[Source material Boundary: Start]

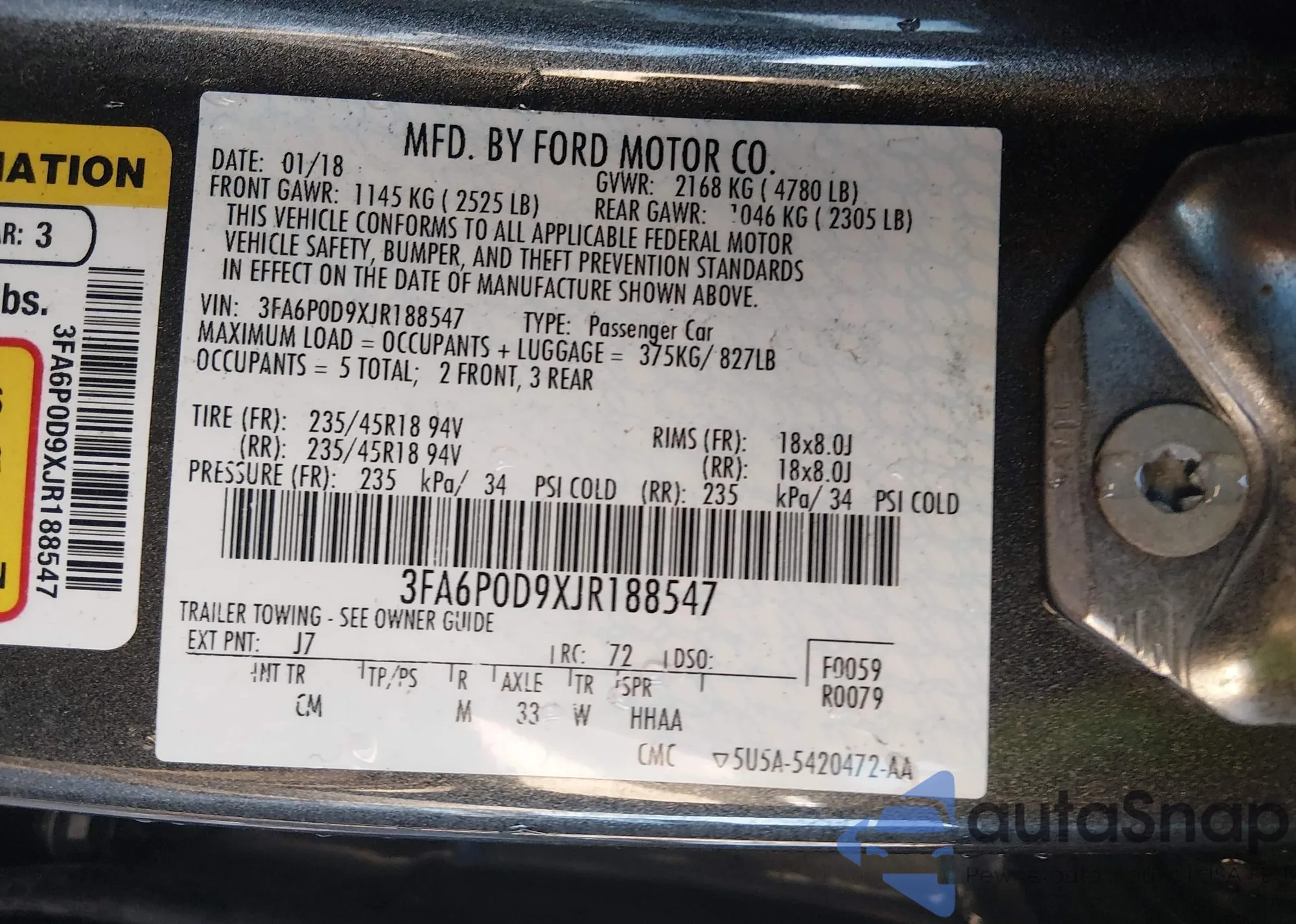 • VIN 3FA6P0D9XJR188547
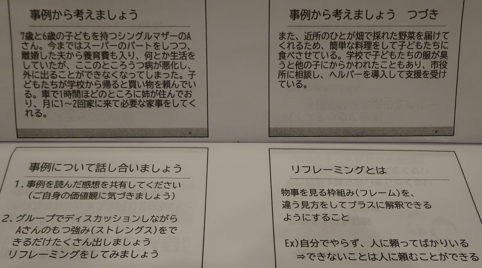 紙面のシングルマザーさんの行動で『プラスに思える事』を考える問い
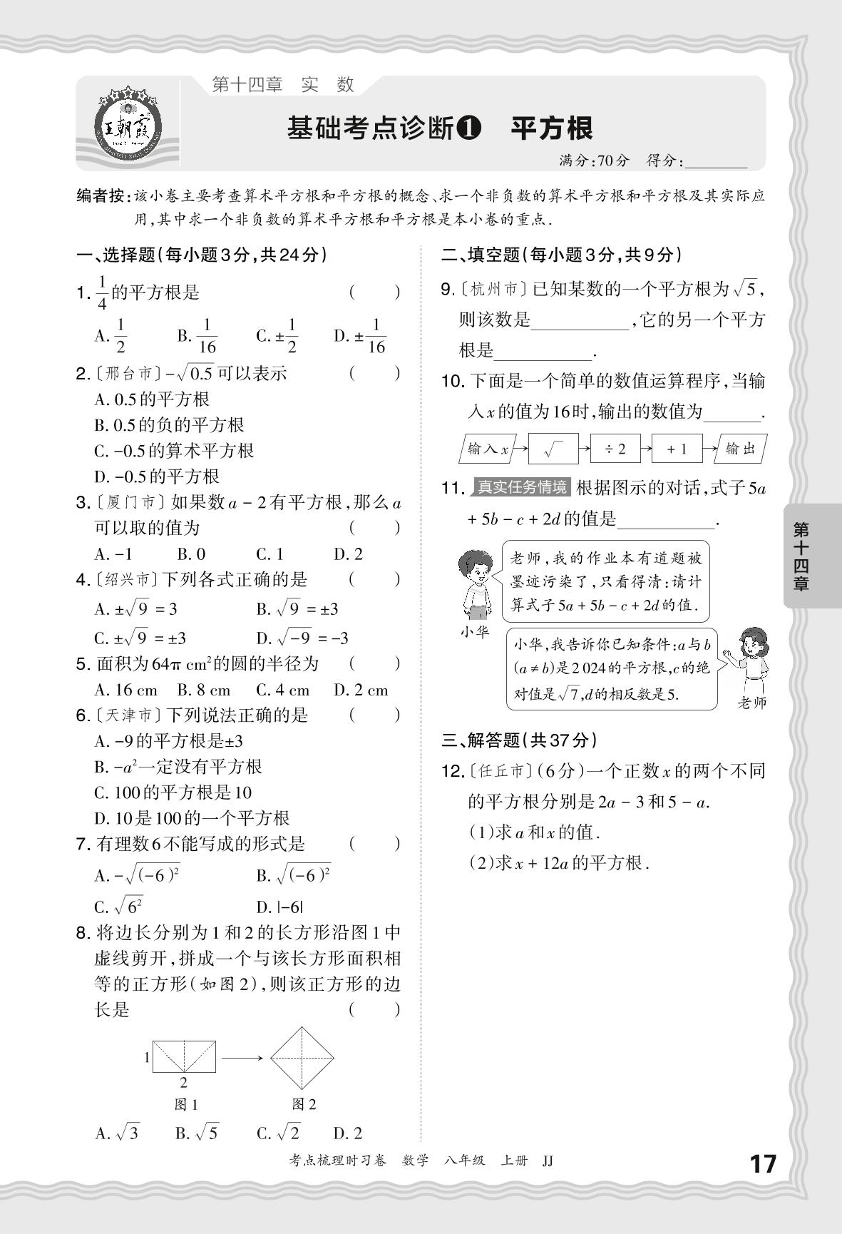 2024秋上册八年级数学冀教版 第十四章 基础考点诊断 平方根【1】
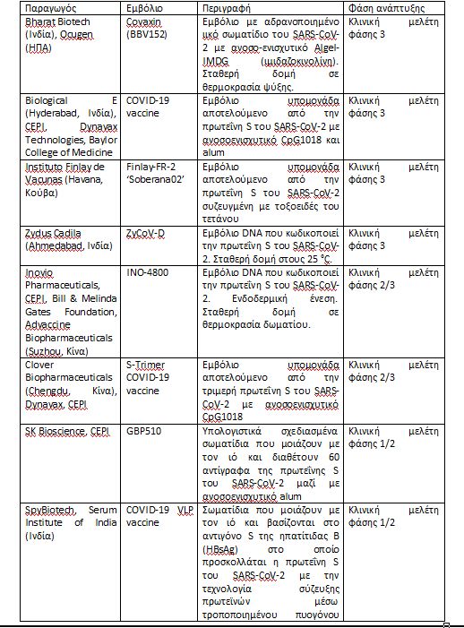 Σημαντική είναι επίσης η ευρεία γεωγραφική κατανομή αυτών των προσπαθειών. Τα κυριότερα από τα εμβόλια που βρίσκονται υπό ανάπτυξη σε χώρες μέτριου και χαμηλού εισοδήματος συνοψίζονται στον Πίνακα.

[Source material Boundary: End]

What to work on - Nothing but the lines from the one containing "2024秋上册八年级数学冀教版 第十四章 基础考点诊断 平方根【1】" through the end of the listing is to be output, and those lines are to be output exactly, pictures excluded.

Answer space -
 2024秋上册八年级数学冀教版 第十四章 基础考点诊断 平方根【1】
 Σημαντική είναι επίσης η ευρεία γεωγραφική κατανομή αυτών των προσπαθειών. Τα κυριότερα από τα εμβόλια που βρίσκονται υπό ανάπτυξη σε χώρες μέτριου και χαμηλού εισοδήματος συνοψίζονται στον Πίνακα.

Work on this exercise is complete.